Case Study
Inconclusive PRAME staining on high-stakes lesion on face
A 34-year-old male with a positive family history of melanoma presents with a lesion on the right lateral malar cheek. It was questionable if the lesion had been previously biopsied.
Case details
A 34-year-old male with a positive family history of melanoma presents with a lesion on the right lateral malar cheek. It was questionable if the lesion had been previously biopsied. Given the heterogeneous appearance, two biopsies were collected.
Sections reveal a proliferation of melanocytes in the dermis that show some unusual features, mostly in the upper half of the lesion. Features include large pleomorphic melanocytes with large inclusions/pseudoinclusions, dusky abundant cytoplasm and some spitzoid features. However, at the base of the lesion there appears to be some maturation of the melanocytes and less atypia.
SOX10 highlighted the melanocytes while PRAME showed diffuse although patchy/weak staining in the melanocytes. Notably, PRAME was stronger staining in the more superficial melanocytes that showed abundant pleomorphism while weaker staining in the deeper melanocytes. HMB45 showed patchy staining throughout but was mostly positive in the larger more pleomorphic melanocytes. Ki-67 highlighted the more superficial melanocytes at a rate of 5-7% while the deeper melanocytes were mostly negative. Therefore, this is highly worrisome for a melanoma arising within an intradermal nevus.
Preliminary diagnosis: Mostly intradermal melanocytic proliferation with unusual features
While the lesion was highly worrisome for melanoma, PRAME staining was inconclusive. Given the high stakes of diagnosing a deep melanoma on the face of a young person, GEP testing was ordered to objectively classify the malignant potential of the lesion.
MyPath Melanoma gene expression profile testing for the two biopsy samples resulted in scores of 2.1 and 6.4 which are both suggestive of a malignant neoplasm.
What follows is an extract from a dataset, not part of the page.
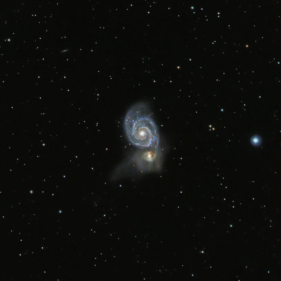 Remark: Rework of data from 2016 (M51 V2) with Pixinsight only. Now I see that I produced some artefacts at the bright stars during the deconvolution. See here a comparison of M 51 photos.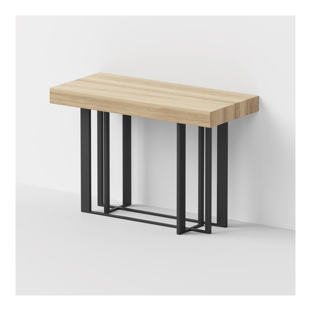 Tavolo-Consolle trasformabile con struttura in acciaio verniciato sablé e top in laminato ecologico con lavorazione folding. Il tavolo viene fornito completo di 2 allunghe da cm 42 cad che trovano alloggiamento in un contenitore all'interno della struttura. Coperti: fino a 6 persone

Malignant melanoma, right superior lateral and right lateral malar cheek, 2.5 mm depth
NOTE: Histologic sections reveal the malignant melanocytes reach into the reticular dermis, making this a Clark's level IV. There is 1 mitotic figure identified in part A in the superficial papillary dermis and no ulceration appreciated. There are no features of regression, but there are some tumor infiltrating lymphocytes. Final pathologic stage: pT3a (AJCC, 8th Edition, 2017).
Patient treatment plan: Patient was referred to oncology specialist for a systemic work-up to include imaging, consideration of SLNB, and presumably a WLE. Outside institution confirmed melanoma diagnosis.